The princess who chose To live in exile Holding the hand of her husband With a beautiful smile
Framed in a guile by Ravan But she didn't fall in his wicked ways Despite being held captive And tortured for nights and days
She refused to go with Hanuman When he came to rescue her Insisted that Rama come openly to defeat her captor In Rama's honor exile did she prefer
On the Ravan's defeat - to prove her purity She had to walk through fire But the flames neither touched her body And nor her attire
The fire bowed in her honor But that wasn't enough For the clouds of gloom Were towering above
The world has never been fair to women Despite of proving her purity Sita had to leave It was the height of cruelty
Cause Rama was as weak In the face of his men As strong he was In front of Ravan
Rama- the man Sita loved enough to die for Asked her to leave To the path that led abhor
Just imagine the way Sita would be looking at Rama With whom she had to part For he was standing dumb like a statue When her world was falling apart
Would she have accused or looked down at him As she asked mother earth to swallow her She was going back to where she came from In order to save the last shred of her honor
Sita was raised by King Janaka; she was not his natural daughter but sprang from a furrow when he was ploughing his field.

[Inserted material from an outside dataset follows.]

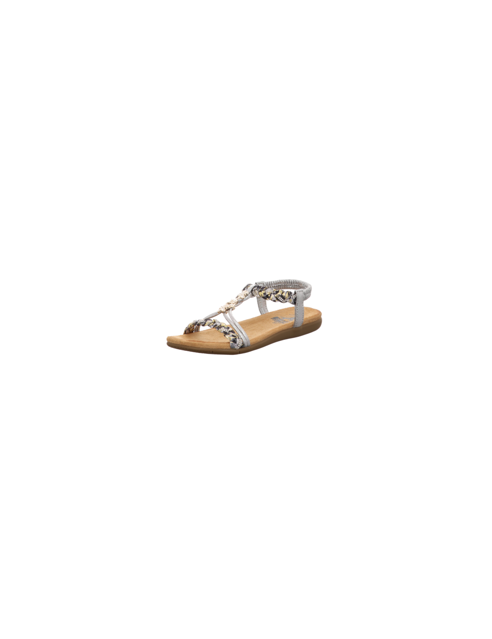 Sandale in silberner Glattlederoptik mit Gummisohle.

Rama won her as his bride by bending Shiva’s bow, and she accompanied her husband when he went into exile. Though carried away to Lanka by Ravana, she kept herself chaste by concentrating her heart on Rama throughout her long imprisonment. On her return she asserted her purity and also proved it by voluntarily undergoing an ordeal by fire. Rama, however, banished her to the forest in deference to public opinion. There she gave birth to their two children, Kusha and Lava. After they reached maturity and were acknowledged by Rama to be his sons, she called upon her mother, Earth, to swallow her up.
Sita is worshipped as the incarnation of Lakshmi, the consort of Vishnu. Though often regarded as the embodiment of wifely devotion and self-sacrifice, she is critical of Rama at times, even in the earliest version of the Ramayana, and in some of the later versions of the story she departs from the idealized, chaste image of the earlier text.